Re: [RFC PATCH] net: Fix one page_pool page leak from skb_frag_unref

From: Jakub Kicinski
Date: Wed May 01 2024 - 10:24:43 EST


On Wed, 1 May 2024 00:48:43 -0700 Mina Almasry wrote:
> > 1) Revert commit 2cc3aeb5eccc
> > ("skbuff: Fix a potential race while recycling page_pool packets").
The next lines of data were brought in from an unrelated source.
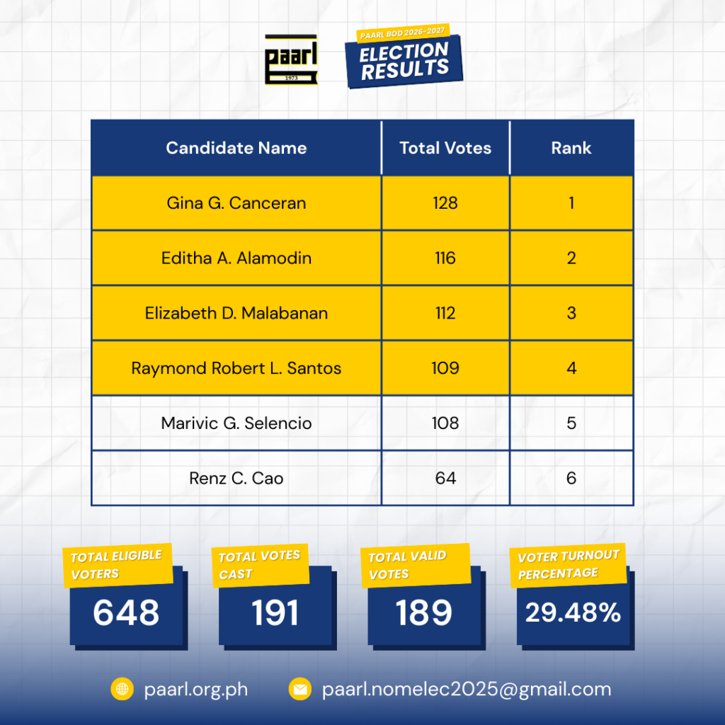 We are pleased to announce the official results of the PAARL Board of Directors elections for the 2026–2027 term. All election returns for this cycle have been duly canvassed and certified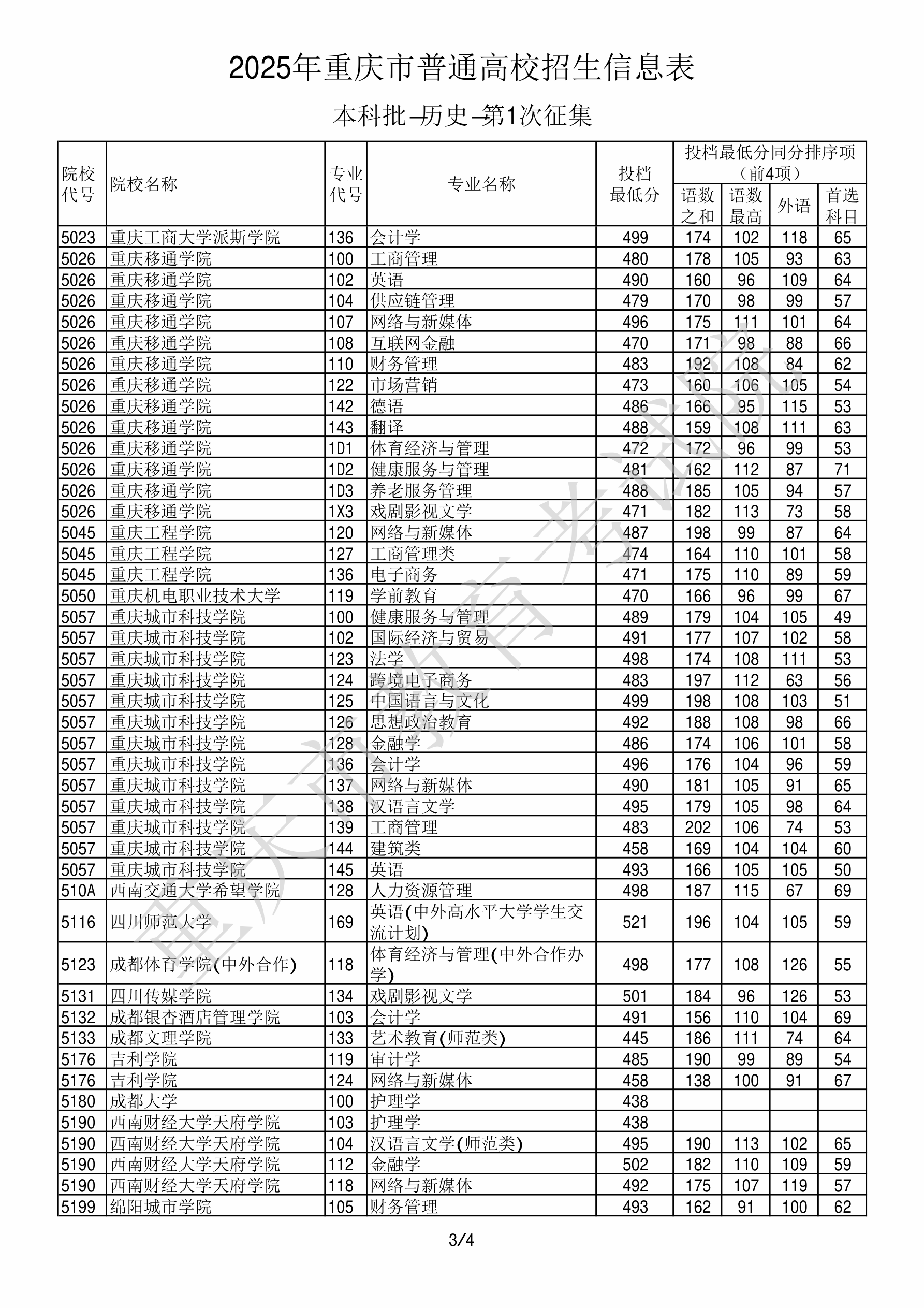 2025年重庆高考普通类本科批 成都体育学院 的 体育经济与管理 专业录取分数溯源信息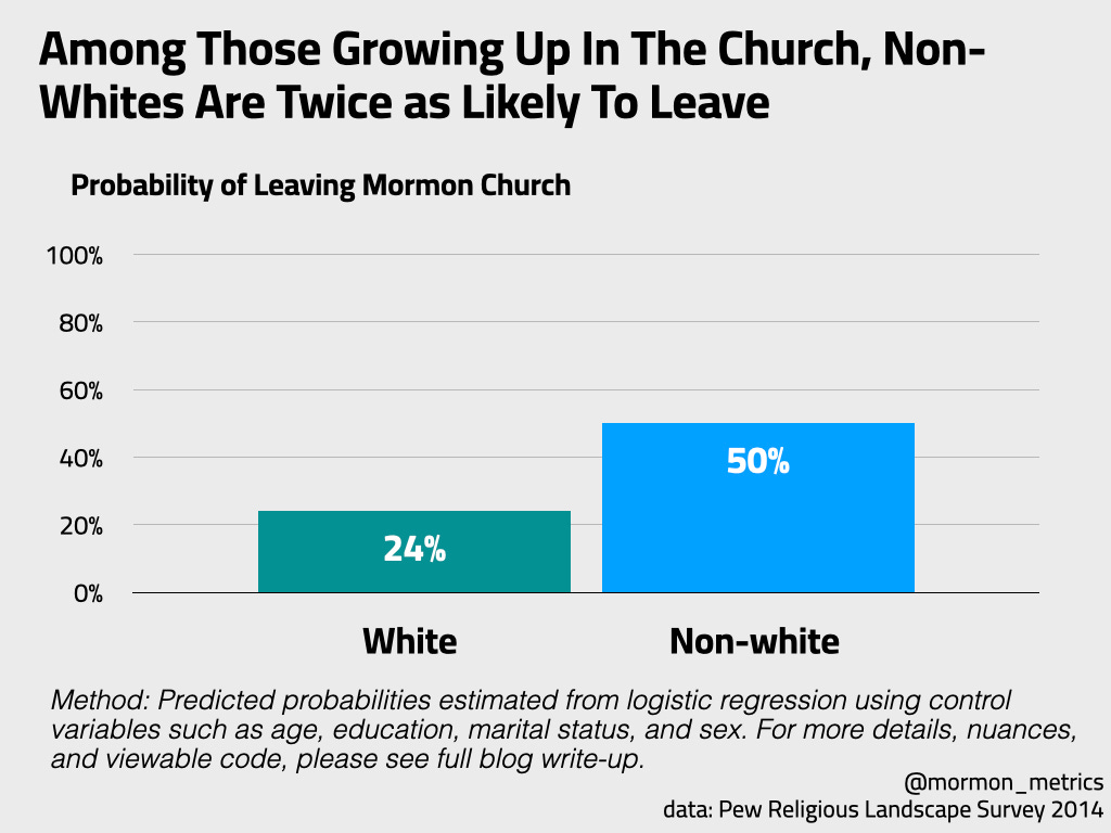One problem the church must confront is how to better appeal and keep non-white members. As you can see in the figure above, Non-white members are twice as likely to leave than white members. Remember the figure above is only among those who claimed to grow up in the church. I imagine the retention rate of non-white US converts could be worse than this!

I tested
> > this btw and it works (for this specific scenario).
> >
> > 2) Revert Mina's commit a580ea994fd3 ("net: mirror skb frag ref/unref helpers")
> > for now.
>
> I vote for #1, and IIUC Jakub's feedback, he seems to prefer this as
> well.

I vote #2, actually :( Or #3 make page pool ref safe to acquire
concurrently, but that plus fixing all the places where we do crazy
things may be tricky.

Even taking the ref is not as simple as using atomic_long_inc_not_zero()
sadly, partly because we try to keep the refcount at one, in an apparent
attempt to avoid dirtying the cache line twice.

So maybe partial revert to stop be bleeding and retry after more testing
is the way to go?

I had a quick look at the code and there is also a bunch of functions
which "shift" frags from one skb to another, without checking whether
the pp_recycle state matches.